As I said, their new music video is a wonderful testament to the power of what art can be. The idea of providing community and identity to someone who is lonely, creating connections and relationships, being passed from generation to generation–that’s what art can do. And I saw it, first hand.
Last year I was walking down the street in Seattle with Mike Herrera, when we stopped in a vintage guitar store where Mike had bought a guitar many years earlier. The owner of the store recognized him.

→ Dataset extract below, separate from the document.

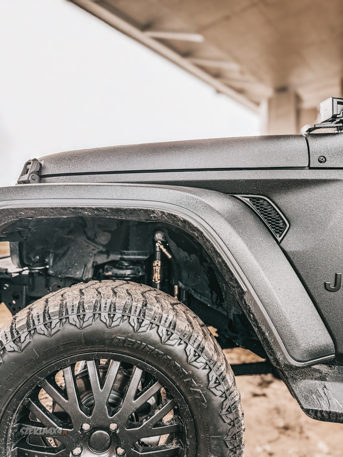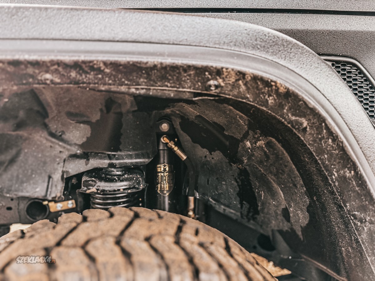 Metalcloak Black w Jeep Wrangler JLU to nowy poziom komfortu i kontroli. Przetestowane przez Szekla4x4.plamortyzatory w połączeniu ze sprężynami, regulowanymi panhardami i wahaczami Metalcloak oferują świetne wybieranie nierówności, wysoką stabilność i idealny balans między codzienną jazdą a szybkim off-roadem – wszystko w bardzo rozsądnym stosunku ceny do możliwości.

It’d been at least decade since they’d seen each other and he asked how things were going with the band. They talked about how the group’s long career. The owner beamed, knowing his store had played a small role in it. Then the owner’s son came out and began to gush: “You’re Mike Herrera! From MxPx! I have all your records!”
This was the reason the owner had been excited—he’d heard his son listening to the music of a musician who’d once been to his store and in telling him that he had sold them a guitar, got to impress his son in the way that all fathers ache to do.
Mike, out for an ordinary afternoon walk, had bumped into the multigenerational impact of his work. He’d met a living, breathing embodiment of his perennial success. And I was lucky enough to be standing there and watching as these three people all experienced a tiny yet deeply personal moment that I can only imagine added meaning to the struggle that went into that success.
That’s the truly fortunate part of being able to do creative work for a living. It’s the best goddamn job in the world.